## ACTIVITY
Output the listing word for word, minus images.

## COLLECTED DATA
- - - - - - -

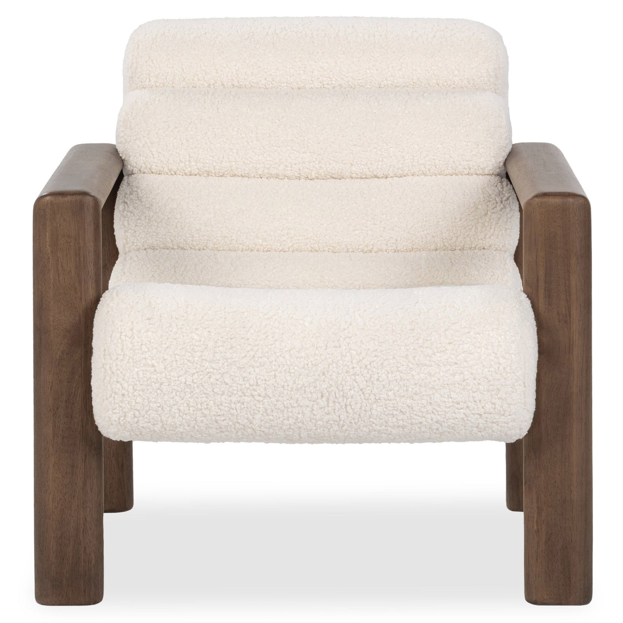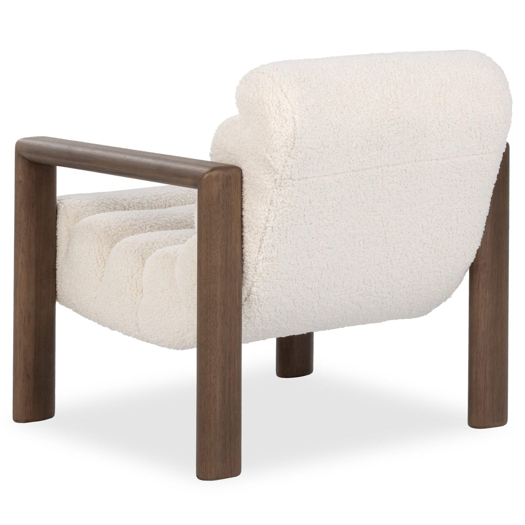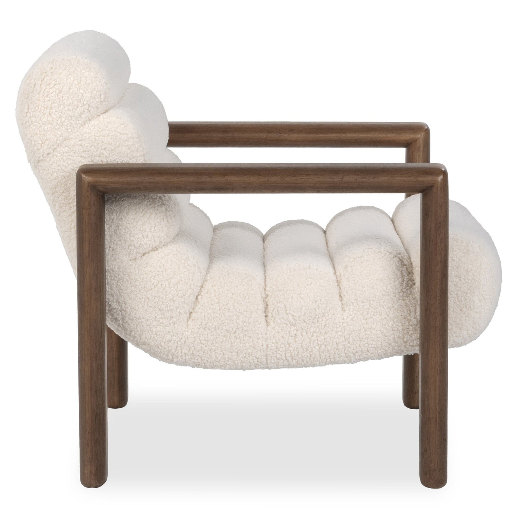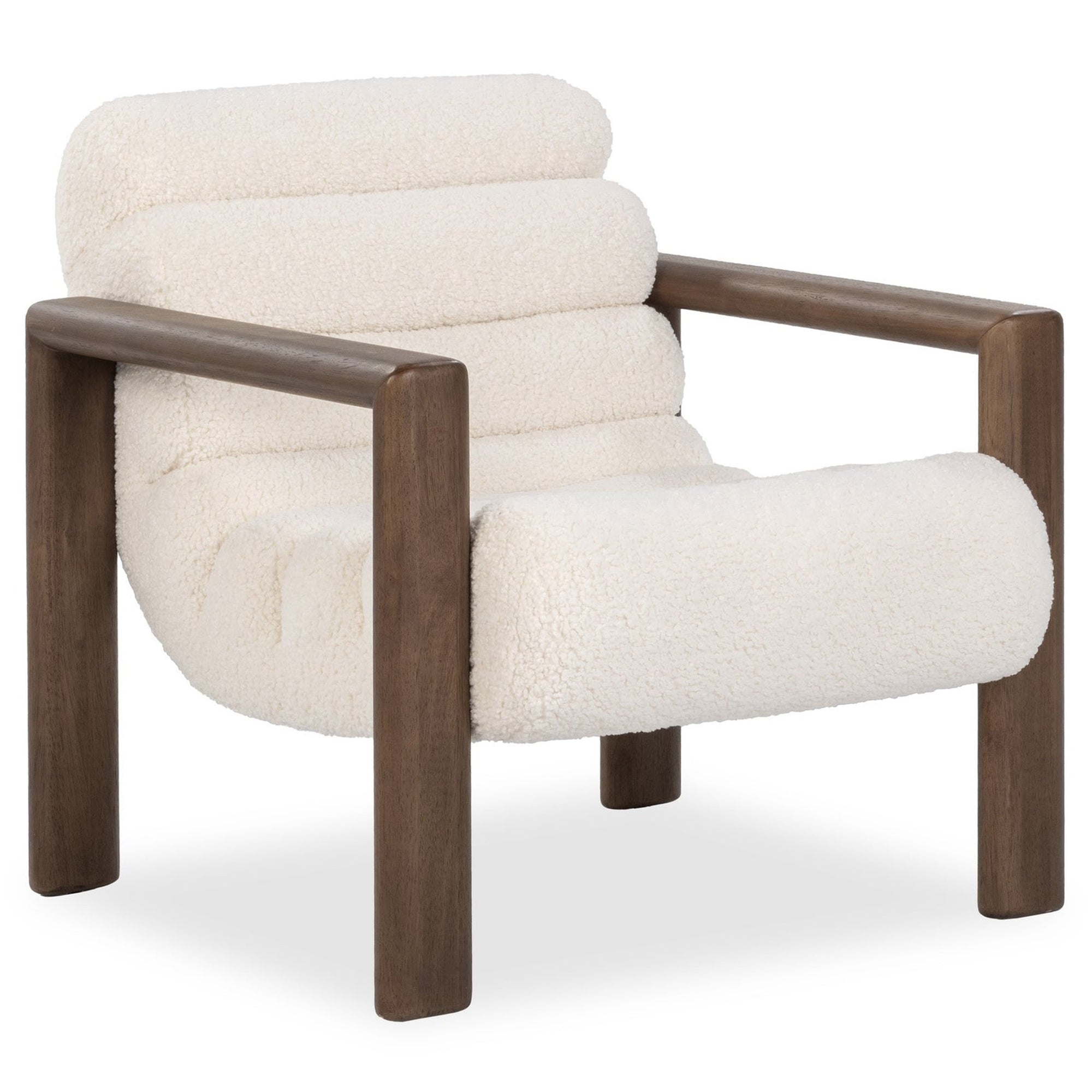 The Dahlia Accent Chair blends sculptural form with cozy texture. Upholstered in plush fabric, the channeled seat and back offer inviting comfort and visual depth. Sleek, rounded arms and legs crafted from solid wood bring natural warmth and durability. This chair delivers organic style with a bold, contemporary edge designed to elevate any space.
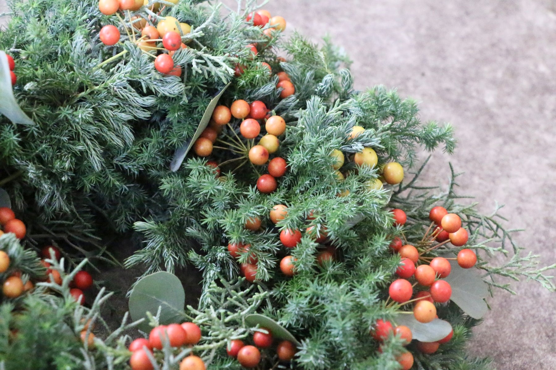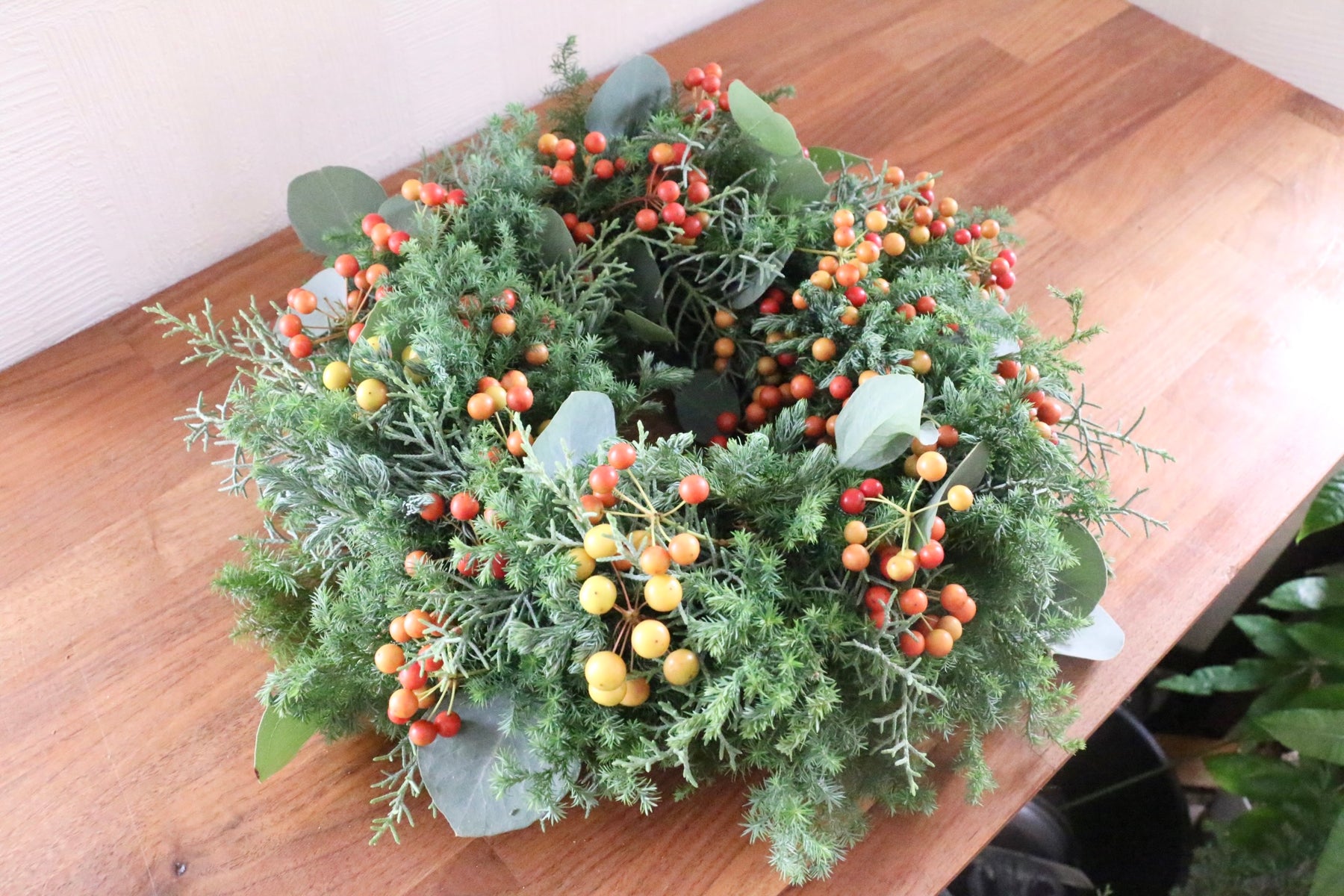 クリスマスらしい彩りと香りが楽しめるリースです。
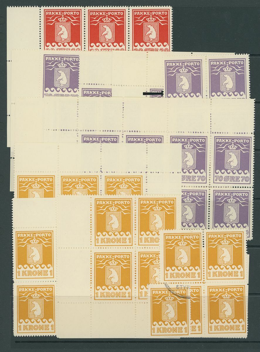 20oe. (corner block of six), 70oe. (7 blocks of four, block of 8), 1k. (3 singles 4 blocks of four, blocks of 6 and 9), unmounted mint or original gum; chiefly fine. Also a used 1k. S.G. P9b-11B

- - - - - - -

## SOLVED EXERCISE
 The Dahlia Accent Chair blends sculptural form with cozy texture. Upholstered in plush fabric, the channeled seat and back offer inviting comfort and visual depth. Sleek, rounded arms and legs crafted from solid wood bring natural warmth and durability. This chair delivers organic style with a bold, contemporary edge designed to elevate any space.
 クリスマスらしい彩りと香りが楽しめるリースです。
 20oe. (corner block of six), 70oe. (7 blocks of four, block of 8), 1k. (3 singles 4 blocks of four, blocks of 6 and 9), unmounted mint or original gum; chiefly fine. Also a used 1k. S.G. P9b-11B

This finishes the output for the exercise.